Livingston have been saved from the brink of extinction after the Scottish Football League backed a proposal that will allow the club to carry on.
The rescue deal is being led by former Cowdenbeath owner Gordon McDougall and ex-Dumbarton chairman Neil Rankine.
The interested buyers, along with interim manager Donald McGruther, of administrator Mazars, will fund the debt-ridden outfit for a year.
As a result, Livingston will continue to play in the First Division.
However, the possibility of a points deduction remains, with the SFL to discuss the matter further.
The SFL, who sought a number of assurances from the new consortium, chiefly the payment of a "substantial" bond and a commitment to fulfil Livi's fixtures, will also consider changing their own insolvency rules.
Livingston looked doomed after chairman Angelo Massone refused to sell his shares for the £25,000 offered to him by McGruther, who has already moved to make staff at the club redundant.
McGruther, appointed by the Court of Session after West Lothian Council took legal action to reclaim a £330,000 debt, was on the brink of liquidating Livingston.
Massone turned up at the Hampden meeting on Thursday but was refused admission to the three-hour conference.
McGruther had offered Massone £25,000 for his shareholding saying that this would then allow him to sell the club for a similar amount to investors interested in taking over the club and that figure may rise with the assistance of McDougall and Rankine.
"I think one of the greatest things Mr Massone wants is to walk away with a bit of dignity, rather than be run out town tarred and feathered," said Rankine, while McDougall added: "He has to understand the issue.

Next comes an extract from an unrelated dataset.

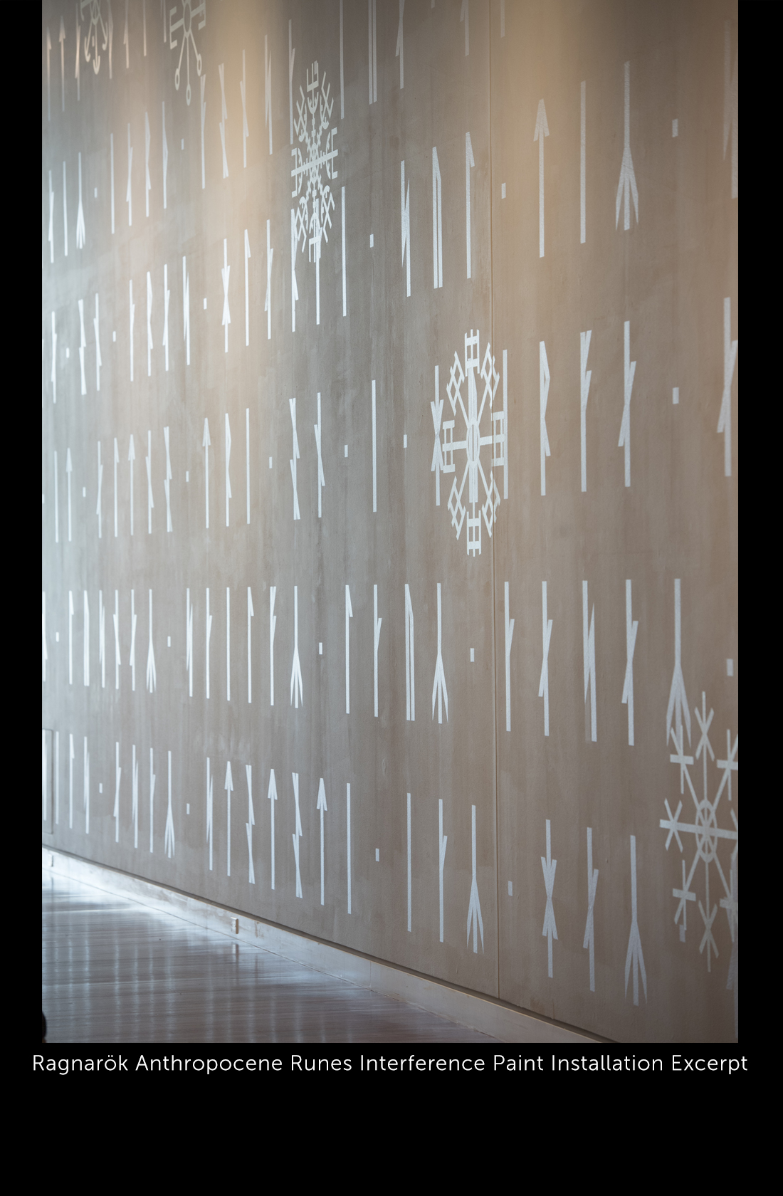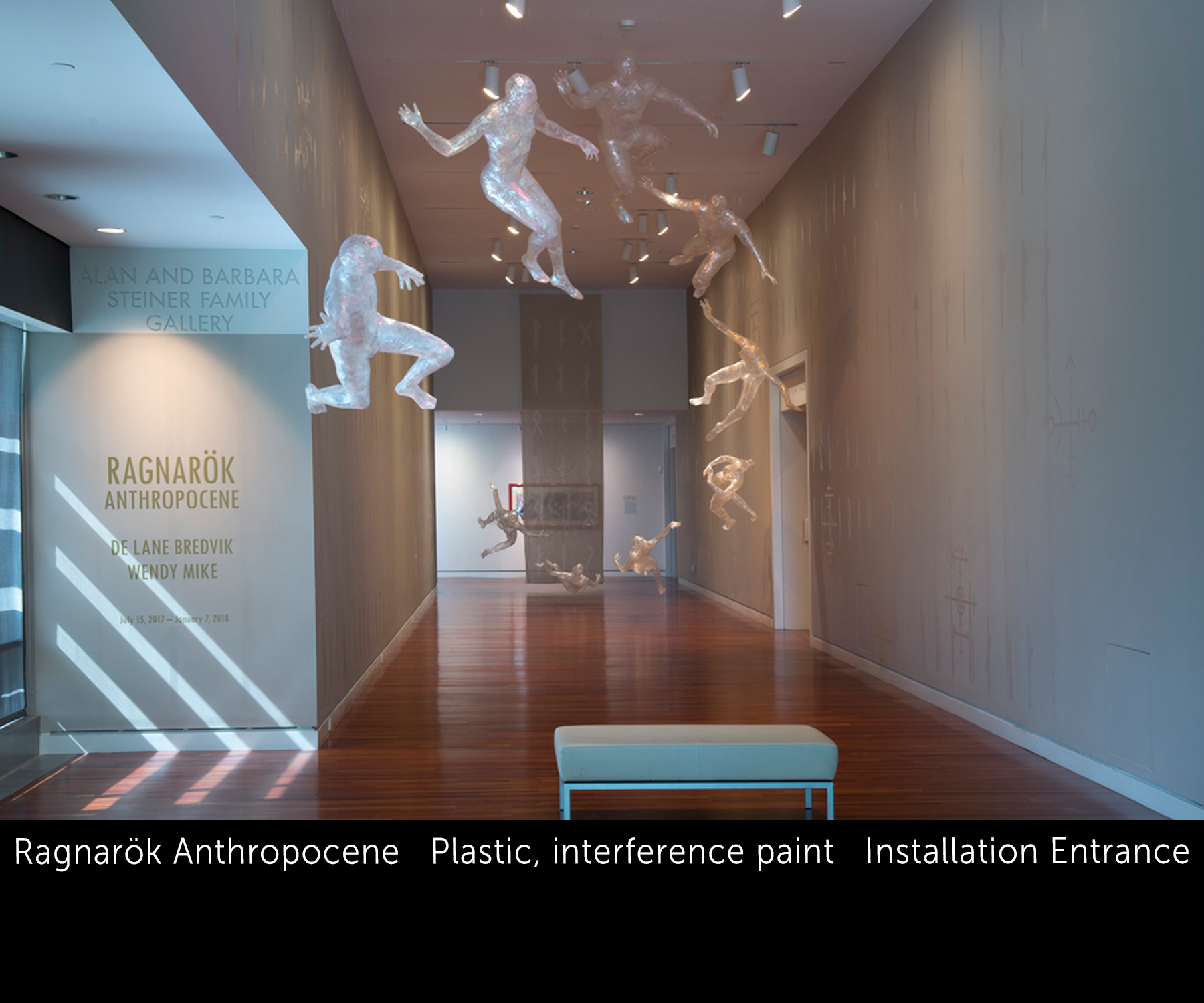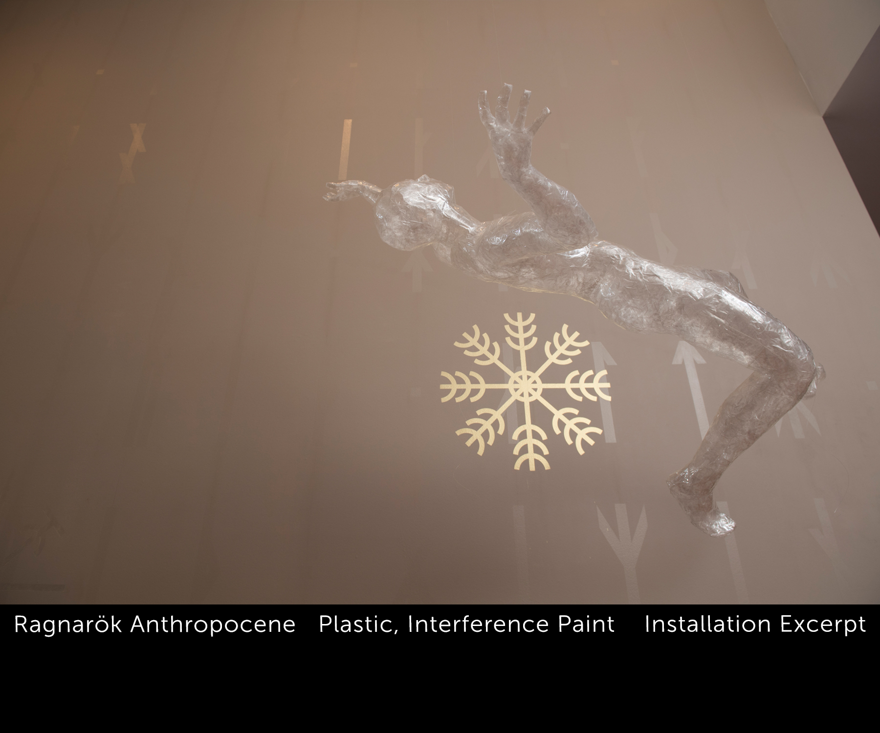 Ragnarök/Anthropocene was a collaborative installation I did with De Lane Bredvik at the Colorado Springs Fine Arts Center. Using imagery and poetry from the Scandinavian myth, we drew attention to our current epoch, the Anthropocene, to raise questions about our responsibilities to our planet and each other. The gods of the Ragnarök story were depicted as translucent forms floating in a field circumscribed by the tale itself written in ancient runes on the walls, that appeared and disappeared as the viewer walked through the exhibit. Also on the walls were “galdrastifir,” protective symbols placed coincidentally with the position of the gods, whose postures imagine them in battlle with the unseen giants of the myth.

He must walk away."
Massone's Italian-based consortium bought Livingston last summer from former owner Pearse Flynn for £1.
The Italian businessman has consistently claimed to have invested large sums of his own money to keep the club afloat, but last season Livingston hit the headlines for the late payment of wages and stories of unpaid debts.
The club chairman, who said his lawyer had advised him not to accept McGruther's offer, called on politicians, potential investors and the interim manager to work together with him to save the club.
McGruther had taken action after Mazars concluded that the club was "hopelessly insolvent, without any discernible cash flow, and in need of an immediate cash injection".
Livingston's players turned out on Saturday without pay as they lost their Alba Challenge Cup tie away to Queen of the South and they face a Co-operative Cup visit to Albion Rovers this weekend.
"Without this deal, there would be no game on Saturday and absolutely no future for the club," said McGruther
"With this, we have a fighting chance of achieving a full ongoing sale."